The infrastructure layer of AI presents a number of single points of failure

To open the summit, Lina Khan (Chair, FTC) likened the current regulatory moment to the decision American regulators made to champion the Boeing and McDonnell Douglas aerospace merger in 1997. By endorsing concentrated production, Khan argued that innovation and quality suffered. Panellists discussing the computational infrastructure of AI predicted a similar story where the benefits of AI would be muted or lost due to a lack of competition in upstream markets. Both Ganesh Sitaraman (Director, Vanderbilt Policy Accelerator for Political Economy and Regulation) and Dave Rauchwerk (Founder, Next Thing Co.) pointed to the dominance of Nvidia in the market for graphics processing units (GPU) which are chips central to the deployment of AI systems. Rauchwerk also mentioned the longtime partnership between Nvidia and TSMC as another example of how the limited competition in both the GPU and semiconductor markets limits AI innovations downstream. Tania Van den Brande (Director of Economics, Ofcom) described the lack of competition in the cloud services market as another, related market impacting competition in AI. Referencing the recent referral of the cloud services market made made by Ofcom, the UK communications regulator, to the Competition and Markets Authority, Van den Brande noted that AI developers looking to enter the market with new and innovative solutions may be unable to scale up and challenge incumbents if they are unable to access affordable cloud computing power given consolidation. 

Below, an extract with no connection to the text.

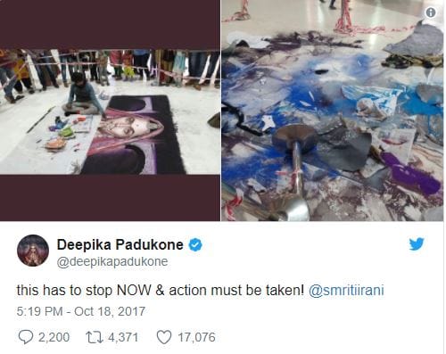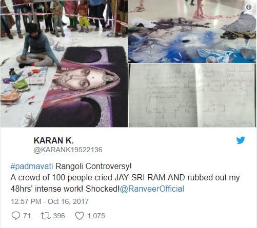 October 16: A rangoli made by Surat artist Karan K over 48 hours, and inspired by Deepika Padukone’s character in the movie, is destroyed. Five men are arrested.

The FTC’s work on AI will continue with an investigation into big tech partnerships

At the beginning of the summit, Khan also announced that the FTC would be launching an inquiry into the investments and partnerships made between generative AI companies and big tech firms. The investigation, launched under the regulator’s so-called “6(b)” authority for general information gathering, will centre on requests for information issued to five companies: Alphabet, Amazon, Anthropic, Microsoft and OpenAI. The FTC requested information on the specific conditions for partnerships, including the operational impacts for the partnering companies, as well as information on the impacts for AI resources and inputs, such as cloud computing capacity or hardware, which could have a significant impact on competition at numerous points along the AI value chain. The FTC’s investigation, in its breadth under the 6(b) authority as well as its focus on numerous partnerships, represents the widest ranging inquiry on competition among AI firms currently underway in the world, even as numerous European regulators also investigate the relationship between OpenAI and Microsoft. As the US has emerged as a global leader not only in AI technology but in the regulation of that technology through President Biden’s Executive Order on AI, the leadership of the FTC and its developing expertise on emerging technologies will be central to continuing to police the harms of AI in the absence of new laws.